I love your focus on sharpening accountability, and I agree that focusing on fairness has made us all miserable without improving outcomes, but I'm not convinced that it's either necessary or desirable to completely abandon the idea of who should rule.

Being able to remove bad rulers is obviously important. The Founders spent a lot of time worrying about how to prevent an individual or group from seizing power and shielding themselves and their followers from accountability. But they also made it difficult to quickly remove politicians from power. To them, the gravest danger to continued self-governance was that populist mobs would allow majorities to impose their will on minorities. Madison wrote, "In all very numerous assemblies, of whatever characters composed, passion never fails to wrest the sceptre from reason". Therefore, you need representatives to be receptive to the will of the people, but not TOO receptive. You need time for passions to cool, for deliberation that eventually allows people to see reason.
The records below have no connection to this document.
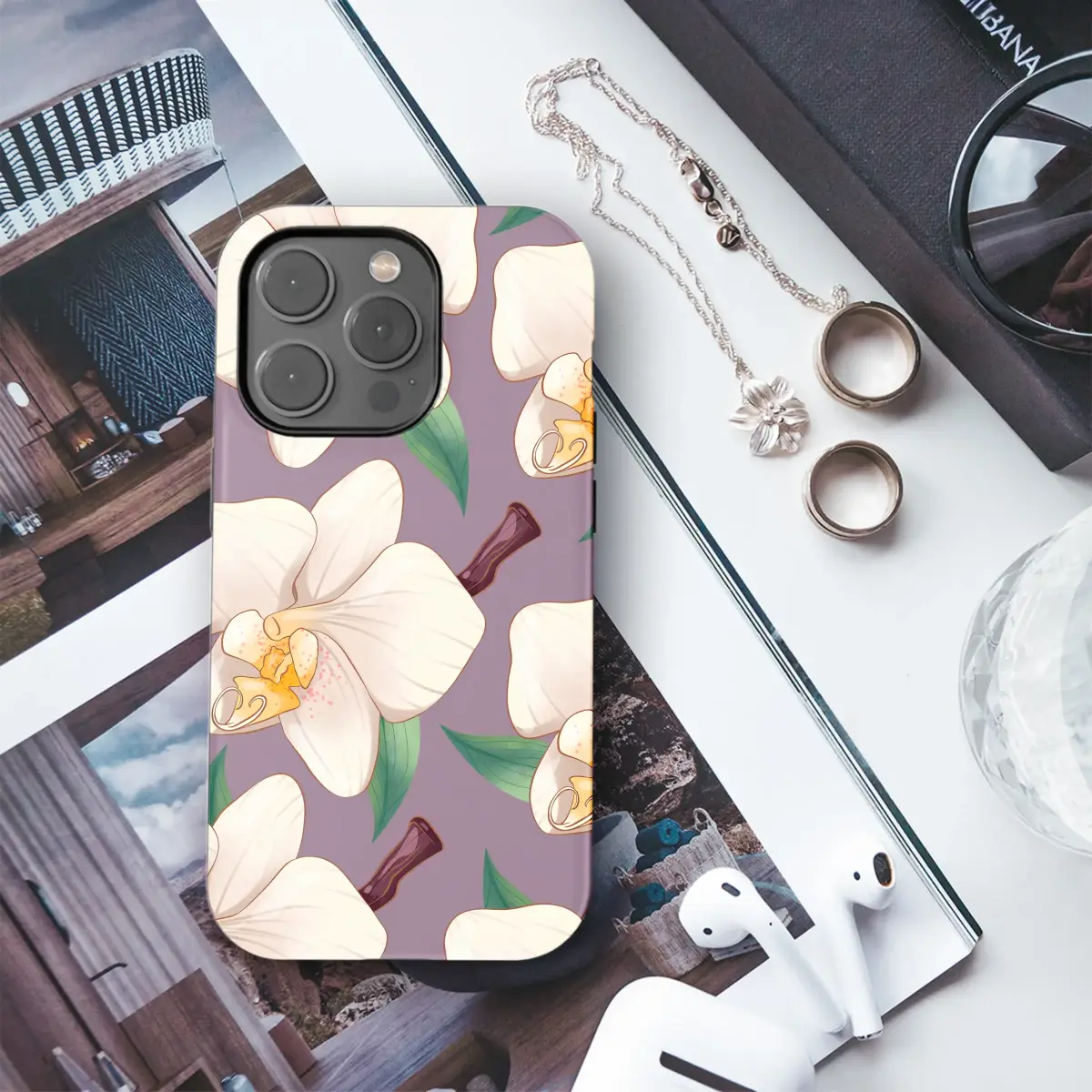 Immerse yourself in the quiet elegance of a twilight garden with this stunning botanical illustration, a design that whispers of grace and serenity. A cascade of luminous white orchids unfolds across a rich, dusky plum background, creating a captivating contrast that is both timeless and modern. Each petal is a work of art, rendered with exquisite detail—from the delicate, creamy veins that suggest a silken texture, to the soft, rose-gold speckles dusting the vibrant yellow heart of each bloom. This enchanting floral pattern evokes a profound sense of calm sophistication and natural beauty, making it the perfect way to carry a piece of nature's most delicate artistry with you. Dark green leaves peek from behind the blossoms, adding organic depth to the sophisticated composition. This design is an ideal accessory for anyone who adores a minimalist floral aesthetic, cottagecore vibes, or the unparalleled grace of the orchid flower. It’s more than just a pattern; it’s a wearable piece of art that transforms your everyday essential into a statement of refined personal style. Treat yourself or give a thoughtful gift to a friend, gardener, or anyone who appreciates the tranquil beauty of a secret garden captured in a single, elegant design.
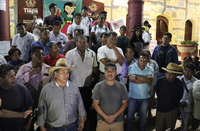 Integrantes del Frente Popular de la Montaña en su conferencia frente al Palacio Municipal de Tlapa para demandar que las autoridades de los tres niveles de gobierno entreguen con vida a Arnulfo Cerón Soriano . Foto: Antonia Ramírez, El Sur.
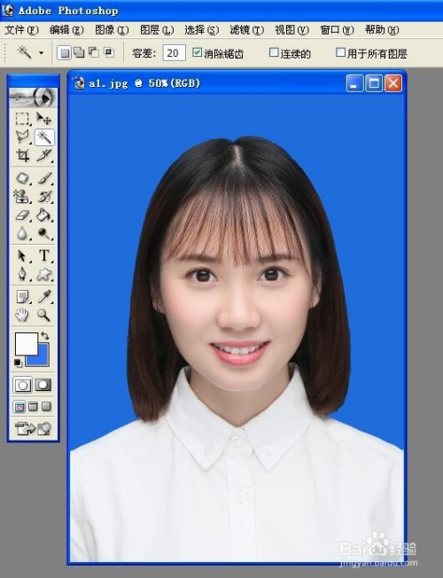 操纵Photoshop中的魔术棒东西,快速改换证件照的布景颜色。
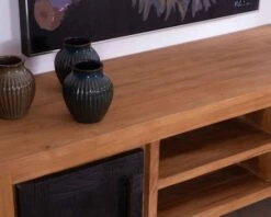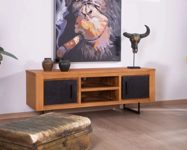 Long de 150,5 cm, profond de 46 cm et haut de 55,5 cm, ce meule TV en bois recyclé trouve sa place dans les petits espaces cosys qu’il modernisera par sa teinture noire. Les pièces de vie plus spacieuses trouvent aussi leur compte avec ce meuble présentant une couleur naturelle hyper chaleureuse. Traité en bi texture, le bois recyclé capte la lumière de manière élégante pour un résultat impeccable. Quelques objets décoratifs dans des tonalités olive foncé ou bronze donneront le ton d’une ambiance aux accents mexicains. Si vous optez pour des vases jaunes ou terracota, vous voilà parti dans les terres africaines… En bref, amusez-vous à changer le look de votre pièce avec des accessoires, votre meuble fait le reste. Tel une toile vierge, il est le fond assuré d’une créativité sans limite.
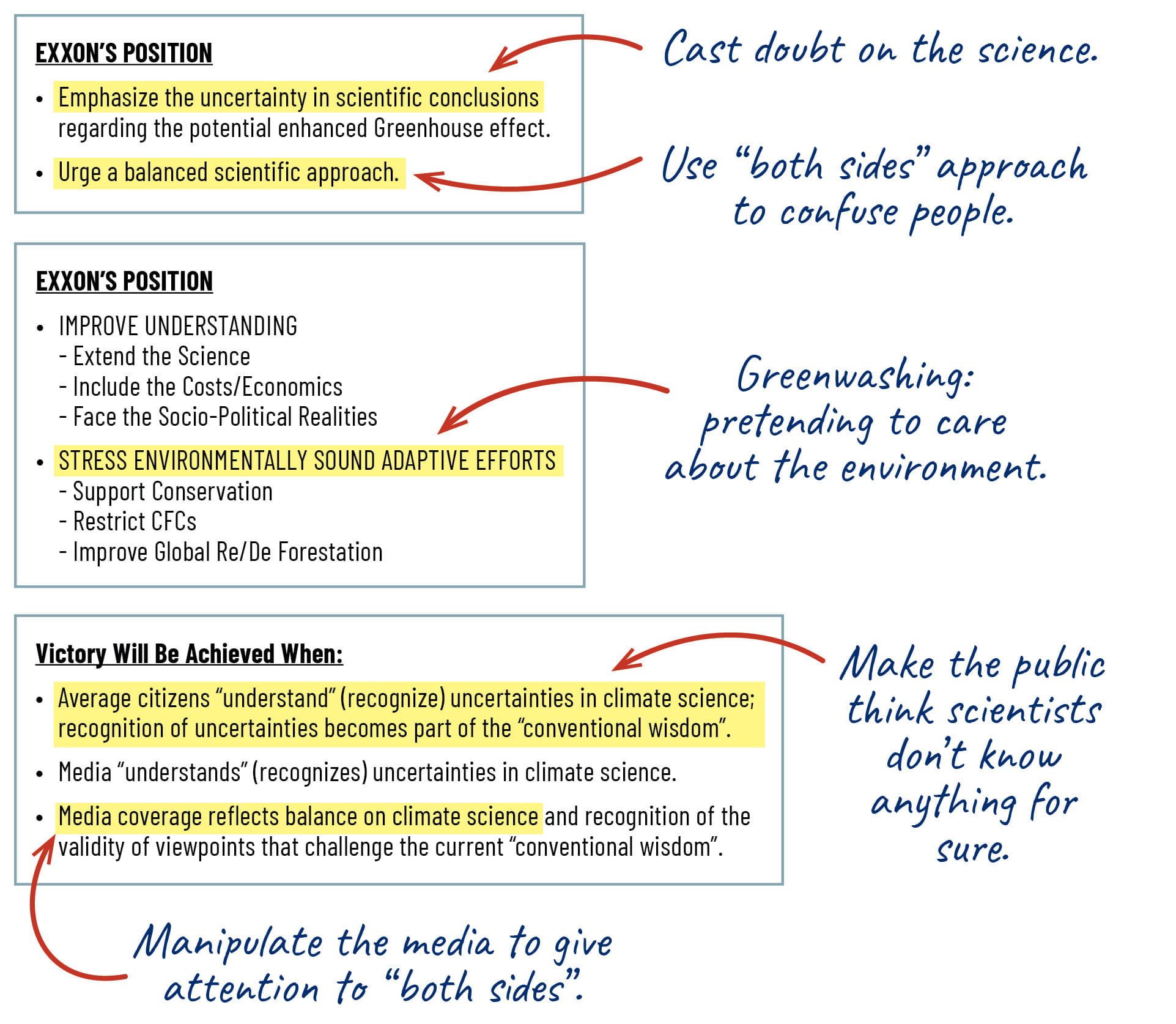 Over the past few decades, the fossil fuel industry has subjected the American public to a well-funded, well-orchestrated disinformation campaign about the reality and severity of human-caused climate change. The purpose of this web of denial has been to confuse the public and decision-makers in order to delay climate action and thereby protect fossil fuel business interests and defend libertarian, free-market conservative ideologies. The fossil fuel industry’s denial and delay tactics come straight out of Big Tobacco’s playbook.
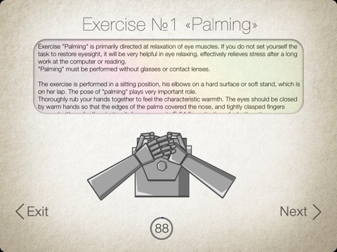 Over 100 years ago, an American scientist William Bates revised the theory of eye operation. His research showed that all eye problems are somehow related to the state of eye muscles. By wearing glasses to correct vision, some eye muscles remain overly-contracted, while the others become atrophied. However, using this app to exercise and strengthen the eye muscles can free you from needing glasses/corrective lenses at all! Improvements in vision may start after the first day’s exercise!
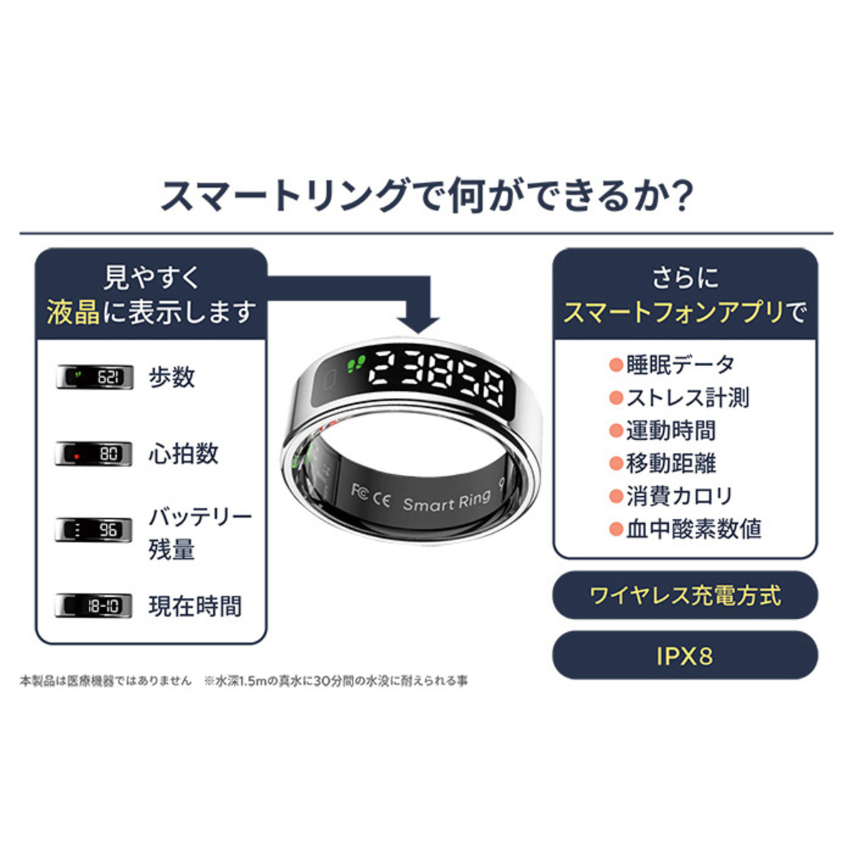 [商品内容] ・本体 ・充電スタンド ・充電用USBケーブル(Type A to C) ・シリコンカバー ※ACアダプターは付属しておりません [サイズ]内径(約) 7番(13号〜14号):1.79cm 8番(16号〜17号):1.83cm 9番(18号〜19号):1.91cm 10番(20号〜21号):2.00cm 11番(23号〜24号):2.08cm 12番(25号〜26号):2.16cm 13番(28号〜29号):2.23cm ※内周は目安 [重量]約4.7g(13番) [充電時間]約1時間 [使用可能時間]約3日間 [対応OS]iOS10以上 Android8以上 【中国製】 [注意事項] ※航空機内では使用しないでください。電波が影響を及ぼし、誤動作による事故の原因となるおそれがあります。ワイヤレス機能の航空機内でのご利用については、ご利用の航空会社に使用条件などをご確認ください ※本製品で測定できる数値はあくまで目安となる参考値であり、医療目的で使用できるデータではございません。測定する環境、装着の具合によって数値に大きな差異が出ることがございます。不具合ではございません ※ペースメーカーや除細動器などの医療機器を装着されている場合、本品の電波が機器の動作に影響を与える可能性があります。医師や医療用機器製造者に影響を確認してからご使用ください ※全ての機能は日常的な運動管理であるウェルネス・フィットネス目的の製品であり医療機器ではありません。病気などの診断、予防、治療の目的にはご使用いただけません ※本製品は精密機械であるため、落下やぶつけるなどの衝撃を与えないでください。性能や機能の異常、または外装の破損の原因になります ※ご利用の前に、付属のUSB充電スタンドにて1時間充電してからご利用ください ※化粧品、日焼け止めクリーム、アルコール、化学洗剤、防虫剤など刺激の強い薬品は本製品の金属部分やプラスチック部分を傷める恐れがありますので使用しないでください。付着した場合は、キレイな布でお拭き取りください ※車のダッシュボードなどの振動がある場所、高温になる場所での保管はおやめください。本製品の故障、破損の原因になります ※急激な気温の変化にさらさないでください ※本製品を充電する前に、リングに汚れがある場合は、必ず汚れを拭き取ってから、充電してください。故障の原因になります ※肌に違和感や異常を感じた場合、直ちにご使用をおやめください ※本製品を分解しないでください ※保管の際は小さなお子様の手の届かぬ場所で保管してください ※本製品は精密機器です。ご利用に際しては本製品の取扱説明書をご熟読頂き正しくご利用ください ※商品は予告なしに一部を改良する場合がございます ※IPhoneは米国Apple Inc社における米国およびその他の国における登録・登録商標です。Android は Google LCCの商標です ※本製品はリチウムイオン充電池を含みます ・本製品に強い衝撃を与えないでください。 ・シャワーやサウナの粒子が細かな水分が発生する場所ではご利用頂けません。本製品の故障や、リチウム電池の膨張/ 発熱等の原因につながります。 ・充電を行う場合は付属の充電ケーブルを用いて充電を行ってください ・急速充電器やPD充電器は使用しないでください ※通常(5V/1A程度)のUSB充電器をご利用頂くか、パソコンの USBポートでの充電をおこなってください ※ケーブルを束ねた状態で充電をおこなわないでください ※バッテリーの経年劣化は保証対象外になります ※廃棄する場合はお住まいの自治体のルールに基づき廃棄してください ※装着時に本製品が熱をもつ(いつもとは異なる)等の異常を感じた場合はご利用を止めてください
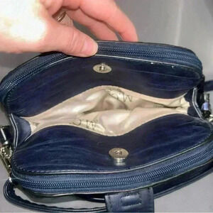 Madi Claire (MC) makes this real leather tooled/embossed leather cross body purse in a "black ink" (black with a brushed purple color) with silver hardware. Brand new, retailed for $98, Snap flap closure.
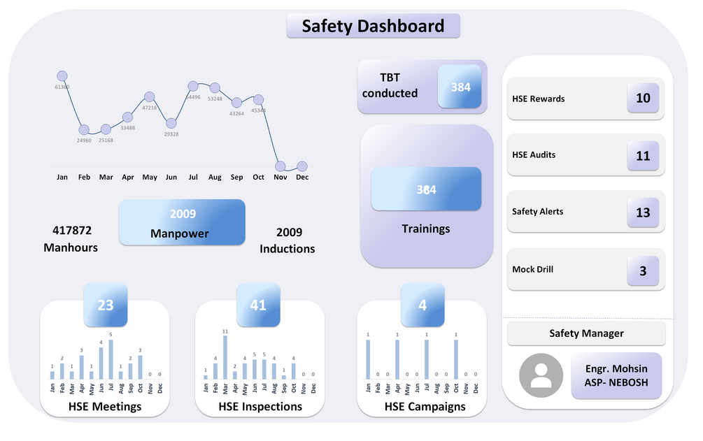 safety dashboard is an excellent template to reflect your QHSE statistics in an infographic and engaging manner. It contains a simple excel sheet where you will enter data and it will populate the dashboard. It requires no technical knowledge and can easily be used by anyone.

The analogy I would use is that for a car to function properly, you obviously need a steering wheel to be responsive. But if you make it too responsive, so that a small movement radically changes the direction of the wheels, then you will quickly end up in a ditch. This is why I think the question of "how dynamically" our government is functioning is actually a pretty terrible question. Unless I am mistaken, dynamic just means responsive. If Trump were to order the military to round up all ranking members of the Democratic party, their ability to immediately follow that order would be very dynamic. Asking whether or not it is tyrannical seems better.

“Responsibility should assigned so when a party wins, they govern alone: no coalition compromise and no diluted policies.”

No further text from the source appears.